Отец был хирургом. Мы с братом часто играли рядом с его операционной. Особенно мы любили бегать между прохладными свежевыстиранными простынями, которые в солнечные дни развешивали на огромной площадке перед больницей.

Светлые воспоминания первых лет! Но они запятнаны кровью. Я часто видел, как отец выходит после операции в окровавленном халате и маске. Неподалеку был пруд. Сестры опорожняли туда ведра с какими-то красными внутренностями, вырезанными из пациентов. Летом пруд источал зловоние. Его сплошным ковром покрывали мухи.

В общежитии не было канализации, мы пользовались стоящим напротив туалетом без дверей. К нему вплотную прилегал наш морг, тоже без дверей. По дороге в туалет я часто заглядывал в чисто подметенный морг и видел там цементную лежанку под окном, за которым покачивались листья. Место дышало спокойствием. Помню, что в этом углу листва на деревьях отличалась особенной пышностью. Интересно, из-за туалета или морга?

Почти десять лет я слышал оттуда плач по покойникам. Все они перед кремацией останавливались под нашими окнами, как путешественники в гостинице. Почти десять лет меня ночами будил плач родственников. Порой, особенно под утро, их разрывающие сердце рыдания напоминали заунывную песню. В те годы я узнал, что в основном люди умирают ночью.

Летом стояла страшная жара, во время полуденного отдыха я просыпался и обнаруживал на циновке мокрый отпечаток собственного тела. Иногда от пота смуглая кожа становилась белой.

Как-то я прокрался в морг, куда раньше заглядывал лишь снаружи. Там царила освежающая прохлада. Я залез на лежанку и сразу уснул. С тех пор в жаркие дни я забирался в морг. В блаженных сновидениях мне чудились прекрасные цветы. Чертей я не боялся — из нас растили убежденных атеистов. Правда, иногда погребальный плач сообщал мне о том, что несут покойника, и я поспешно освобождал чужую постель.

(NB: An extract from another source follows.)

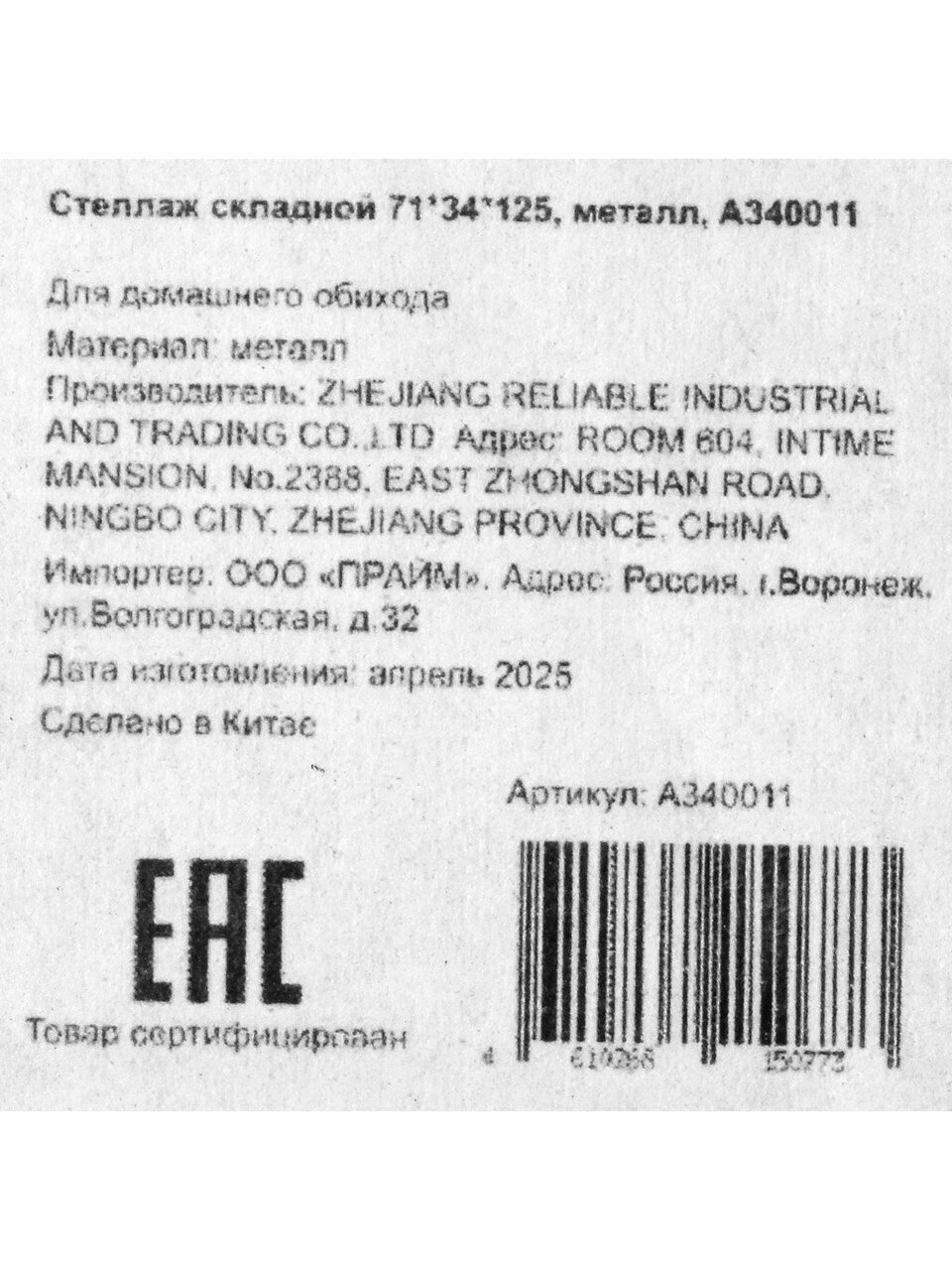 Вы можете приобрести «Стеллаж универсальный, металл, 4 секции, 71х34х125 см, складной, A340011» и другие товары в нашем интернет-магазине в Астрахани по низким ценам и с бесплатным самовывозом.

Я напрочь забыл об этих приключениях, пока мне живо не напомнила о них строка Гейне «Смерть — прохладной ночи тень».

Если литература обладает волшебством, то оно заключается в том, что читатель в произведении другой эпохи, языка и культуры узнает себя. Прочитав стихи Гейне, я сказал себе: «Это и есть литература».